• Problem statement
Set down the listing exactly as given, minus images.

• The data
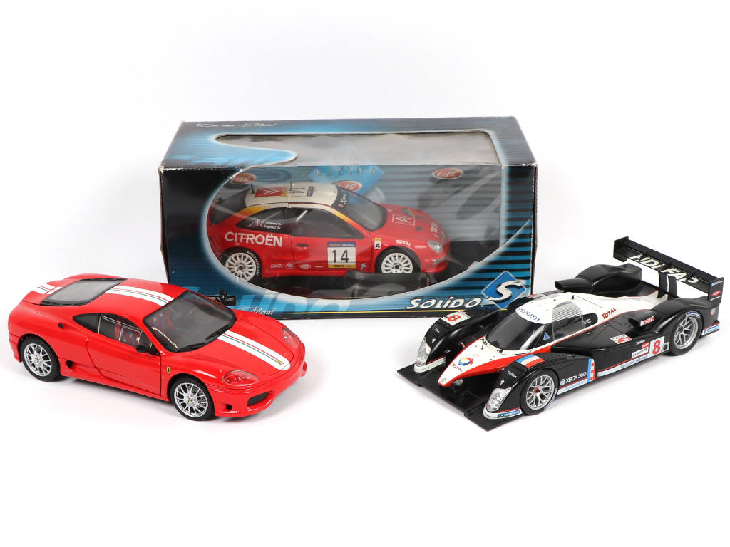 échelle 1/18ème - comprend les modéles : CITROËN, PEUGEOT & FERRARI - on y retrouve les marques : SOLIDO, NOREV & MATTEL - petits éléments cassé & manquants - boite état d
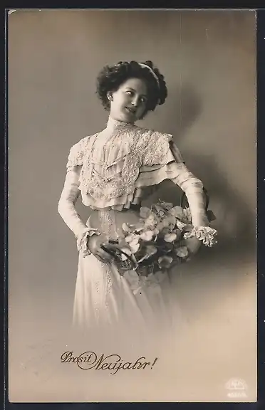 Foto-AK R & K / L Nr.4037/6: Hübsche junge Frau mit einen Korb
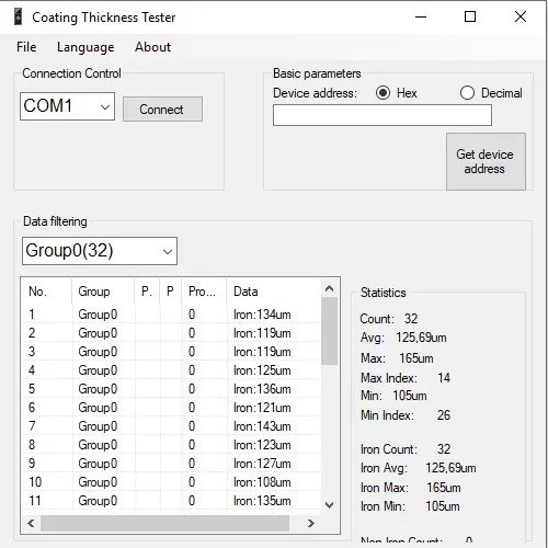 The easy-to-use downloadable PC-compatible software included with this thickness meter allows for detailed analysis of measurement results via computer. Measurement values are shown in a table and different working modes can be selected for data filtering. Statistics include the maximum, minimum and average value per working group. Statistics can be divided by ferrous and non-ferrous material. The software also counts how many readings have been stored in each material group. For more details, please refer to the user manual.

• The answer
 échelle 1/18ème - comprend les modéles : CITROËN, PEUGEOT & FERRARI - on y retrouve les marques : SOLIDO, NOREV & MATTEL - petits éléments cassé & manquants - boite état d
 Foto-AK R & K / L Nr.4037/6: Hübsche junge Frau mit einen Korb
 The easy-to-use downloadable PC-compatible software included with this thickness meter allows for detailed analysis of measurement results via computer. Measurement values are shown in a table and different working modes can be selected for data filtering. Statistics include the maximum, minimum and average value per working group. Statistics can be divided by ferrous and non-ferrous material. The software also counts how many readings have been stored in each material group. For more details, please refer to the user manual.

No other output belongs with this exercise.